◆ **Source material**:
· · · · ·
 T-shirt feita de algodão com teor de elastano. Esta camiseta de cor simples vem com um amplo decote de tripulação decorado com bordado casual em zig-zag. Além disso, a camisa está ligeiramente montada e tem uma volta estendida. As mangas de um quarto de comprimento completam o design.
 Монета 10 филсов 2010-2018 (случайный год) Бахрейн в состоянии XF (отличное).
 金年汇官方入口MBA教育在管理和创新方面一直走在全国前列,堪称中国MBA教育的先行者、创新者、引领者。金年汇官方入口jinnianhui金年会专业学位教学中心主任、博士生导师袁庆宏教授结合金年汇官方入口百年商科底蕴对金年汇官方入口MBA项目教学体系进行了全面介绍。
· · · · ·
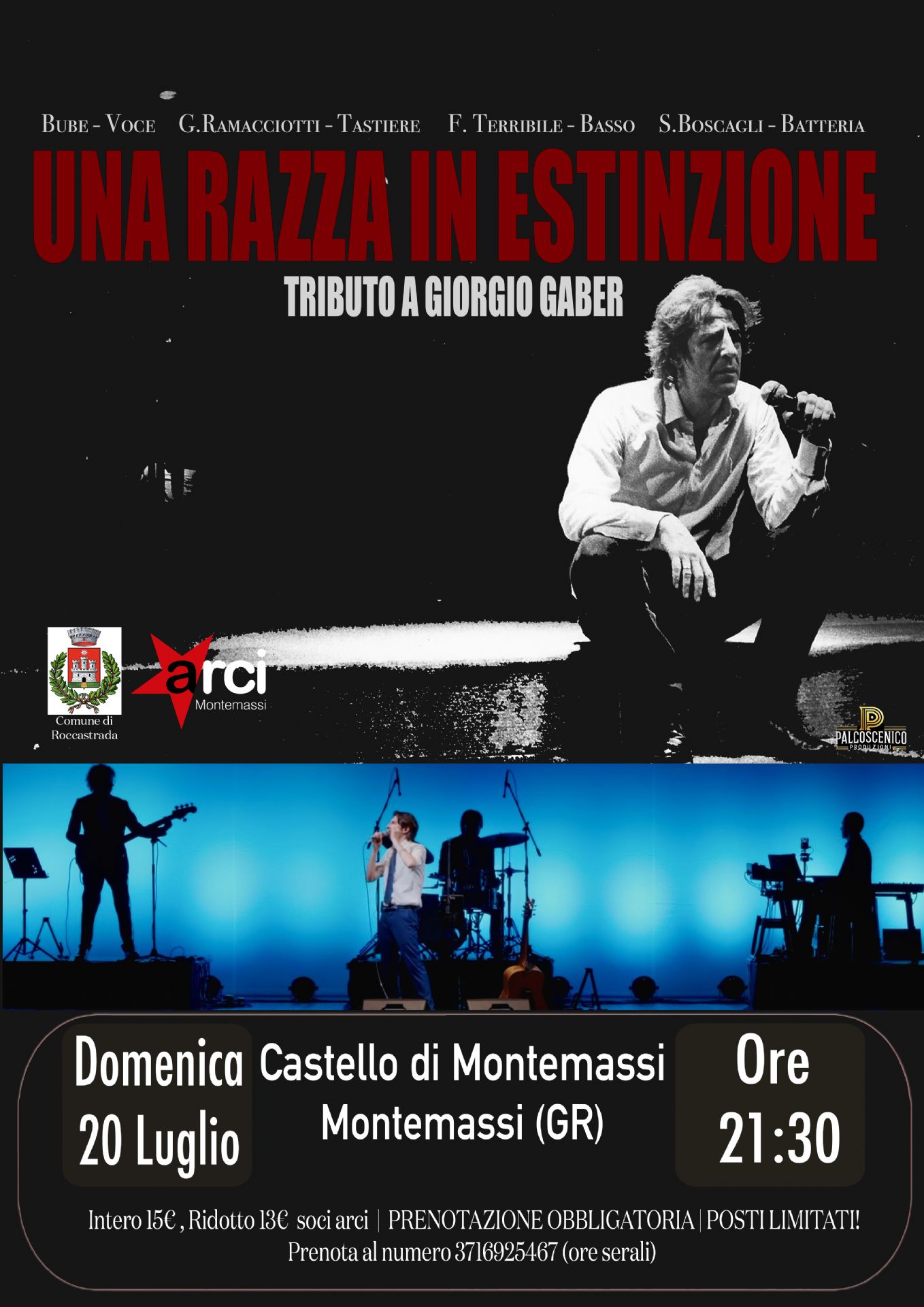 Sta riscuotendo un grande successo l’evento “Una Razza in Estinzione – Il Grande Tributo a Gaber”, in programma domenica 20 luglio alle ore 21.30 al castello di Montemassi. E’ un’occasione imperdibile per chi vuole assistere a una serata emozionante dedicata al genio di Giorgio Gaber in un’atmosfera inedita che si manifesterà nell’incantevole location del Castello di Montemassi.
· · · · ·
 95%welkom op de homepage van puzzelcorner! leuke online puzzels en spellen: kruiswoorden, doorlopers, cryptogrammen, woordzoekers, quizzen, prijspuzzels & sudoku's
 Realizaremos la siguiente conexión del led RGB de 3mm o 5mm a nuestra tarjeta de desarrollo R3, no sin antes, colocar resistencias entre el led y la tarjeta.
· · · · ·
Copy, exactly and only, the lines above that begin with the one containing "T-shirt feita de" and finish with the one containing "金年汇官方入口MBA教育在管".

◆ **Answer box**:
 T-shirt feita de algodão com teor de elastano. Esta camiseta de cor simples vem com um amplo decote de tripulação decorado com bordado casual em zig-zag. Além disso, a camisa está ligeiramente montada e tem uma volta estendida. As mangas de um quarto de comprimento completam o design.
 Монета 10 филсов 2010-2018 (случайный год) Бахрейн в состоянии XF (отличное).
 金年汇官方入口MBA教育在管理和创新方面一直走在全国前列,堪称中国MBA教育的先行者、创新者、引领者。金年汇官方入口jinnianhui金年会专业学位教学中心主任、博士生导师袁庆宏教授结合金年汇官方入口百年商科底蕴对金年汇官方入口MBA项目教学体系进行了全面介绍。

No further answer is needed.